Not so much these days (unless you count motorcycles), now I'm old and grey I've discovered self-preservation.

20 years ago though, yes - like many ADDers, I mixed with some scary people.

Mark -

I used to bike ride and roller blade quite a bit. Now that may seem normal...but.... I would put great effort into riding as fast as I could reguardless of the traffic situation. I would strive to get to intersections and get through yellow lights at the very tail end hoping that drivers making left and right hand turns would see me. Roller blading: I would do this during lunch times at work. I did lot's of studio work in Hollywood at the time so I could be seen skating up and down the Hollywood and Sunset Blvds during lunch. I basically skated the same way I would ride a bike. I used to piss-off lots of drivers.
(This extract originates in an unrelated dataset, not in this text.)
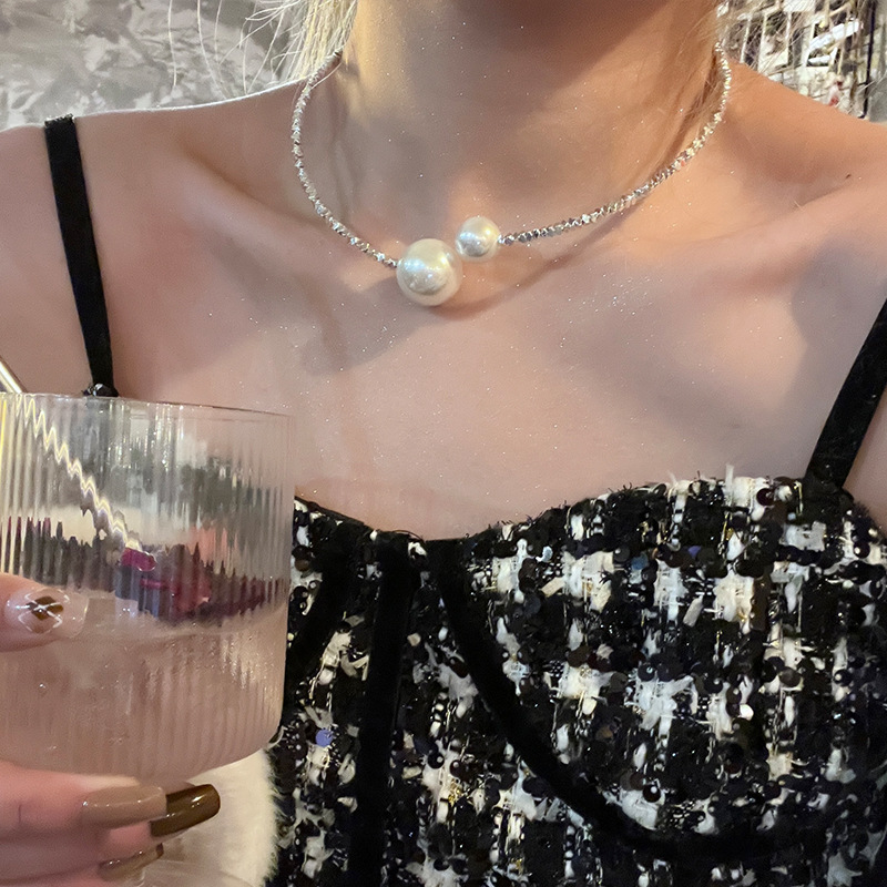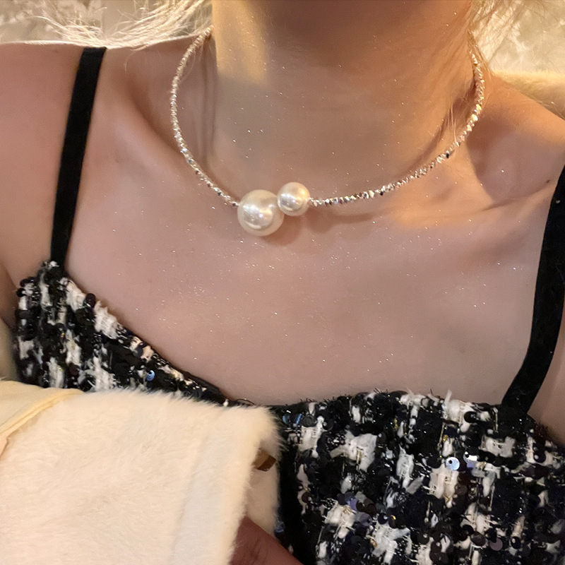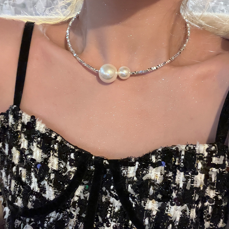 气质高级感超闪碎银子项圈轻奢性感珍珠项链小众设计感个性锁骨链

I was also a competitive Ice Dancer in my youth that has resulted in a bad knee so I stay away from all that now.

ZORG38415.5599189815

High risk behavior...thy name is adhd

I am lucky to be alive and lucky to not have every std known to mankind...I was a prisoner of the moment most of my life...hey let's climb  that cliff!!  hey, I bet I can climb that tree higher than anyone, I can swing 6 monkee bars at a time... My parents asked the peditrican if there was something wrong with my bones  when I was 10 I'd had so many broken ones.  He said I was just accident prone...I know now..I suck at judging risk plus the fact I can be blissfully unaware of my surroundings...oops walked off a roof Ouch  hurts as bad  a doing a somersault to the ground  when you prove   you cant  do 6 monkee bars at once and both  types of falls break bones

As an adult I took drugs then stopped,  had a sports car drove like  a maniac then stopped,   had a period where I wasnt real careful about my sexual partners, sex while driving, in restaraunt bathrooms all part of that excitement seeking that was all about stimulation. I can see how hyperactivity   had so much to do with so many of the choice/decisons  i have made.  I was always seeking stimulation.   I do a lot better now  and have  for a while even before medication. Somewhere along the trip through life I realized I wasnt invulnerable.

That's so wierd. I've always avoided high risk activities and behavior like the plague. I think that may go with my hyperreactivity to stimuli, though. I cant handle too much stimulus. Adhd plus stimulus reactivity is a really strange combination!

High Risk is stimulating, thus High Risk equals ADHD.

Us ADHD people use our lives seeking activities that stimulate the hythalamus to produce those neurotransmitters we miss so dearly.

The cause is exactly the same, as to our addictive nature. We are born low on the Neurotransmitters: Dopamin and Noradrenalin.